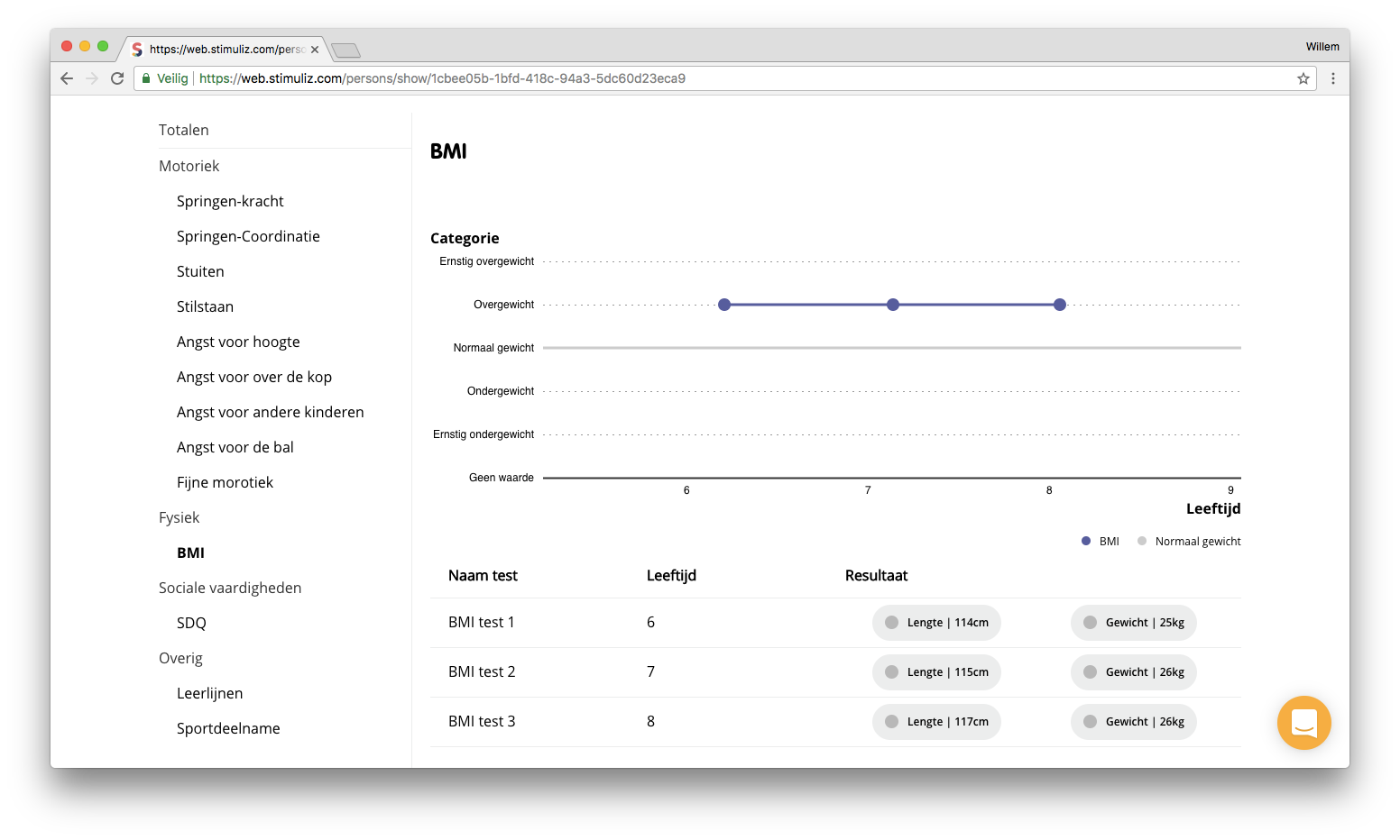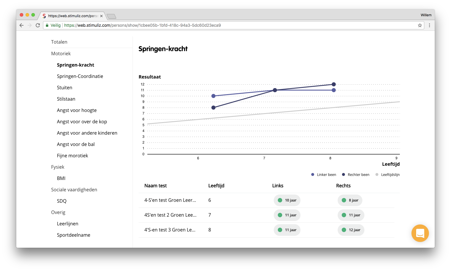 In dit overzicht bekijk je de resultaten van alle testen die voor deze leerling zijn uitgevoerd. Klik in een tabel van testresultaten op een resultaat om de betreffende test te openen waar deze waarden uit zijn voortgekomen.
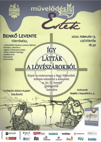 Így látták a lövészárokból – képek és embersorsok a Nagy Háborúból, különös tekintettel a kolozsvári m. kir. 21. honvéd gyalogezred katonáira címmel tart előadást Benkő Levente történész, a Művelődés folyóirat szerkesztője a Művelődés Estek-sorozat keretén belül 2020. február 12-én, csütörtökön 18.30-tól. Az est házigazdája Dáné Tibor Kálmán, a Művelődés folyóirat főszerkesztője, az előadást ezúttal is a Györkös Mányi Albert Emlékházban (Kolozsvár, Republicii/Majális u. 5.) tekinthetik meg.
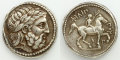 このテトラドラクマ銀貨は、古代ギリシャコインの代表格の一つとして知られます。表面には、ギリシャ神話の大神ゼウスの肖像が打ち出されています。豊かな頬髯と月桂冠が特徴的なゼウス神の肖像は、神々の王に相応しい威厳に満ちています。このゼウス神の肖像は、マケドニア王国飛躍の礎を築いた王 フィリッポス2世(在位:BC359年~BC336年)の肖像に重ね合せて造られたと云われます。
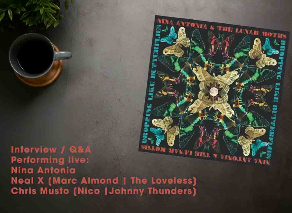 Nina Antonia is a published author on rock ‘n’ roll artists and wrote the biography of Johnny Thunders, In Cold Blood. She has also published novels and poems and writes for UK music and mystery publications. Dropping Like Butterflies is an album of her poetry spoken in her beautiful and atmospheric voice over glimmering rock ’n’ roll written and performed by friends including Neal X [Marc Almond], Mike Scott, Chris Musto, Waterboys‘ keyboardist James Hallawell and L.A’s finest Theremin wizard Armen Ra.

### The problem
Down to the last line, reproduce the material above exactly; skip its images.

### Problem solution
 In dit overzicht bekijk je de resultaten van alle testen die voor deze leerling zijn uitgevoerd. Klik in een tabel van testresultaten op een resultaat om de betreffende test te openen waar deze waarden uit zijn voortgekomen.
 Így látták a lövészárokból – képek és embersorsok a Nagy Háborúból, különös tekintettel a kolozsvári m. kir. 21. honvéd gyalogezred katonáira címmel tart előadást Benkő Levente történész, a Művelődés folyóirat szerkesztője a Művelődés Estek-sorozat keretén belül 2020. február 12-én, csütörtökön 18.30-tól. Az est házigazdája Dáné Tibor Kálmán, a Művelődés folyóirat főszerkesztője, az előadást ezúttal is a Györkös Mányi Albert Emlékházban (Kolozsvár, Republicii/Majális u. 5.) tekinthetik meg.
 このテトラドラクマ銀貨は、古代ギリシャコインの代表格の一つとして知られます。表面には、ギリシャ神話の大神ゼウスの肖像が打ち出されています。豊かな頬髯と月桂冠が特徴的なゼウス神の肖像は、神々の王に相応しい威厳に満ちています。このゼウス神の肖像は、マケドニア王国飛躍の礎を築いた王 フィリッポス2世(在位:BC359年~BC336年)の肖像に重ね合せて造られたと云われます。
 Nina Antonia is a published author on rock ‘n’ roll artists and wrote the biography of Johnny Thunders, In Cold Blood. She has also published novels and poems and writes for UK music and mystery publications. Dropping Like Butterflies is an album of her poetry spoken in her beautiful and atmospheric voice over glimmering rock ’n’ roll written and performed by friends including Neal X [Marc Almond], Mike Scott, Chris Musto, Waterboys‘ keyboardist James Hallawell and L.A’s finest Theremin wizard Armen Ra.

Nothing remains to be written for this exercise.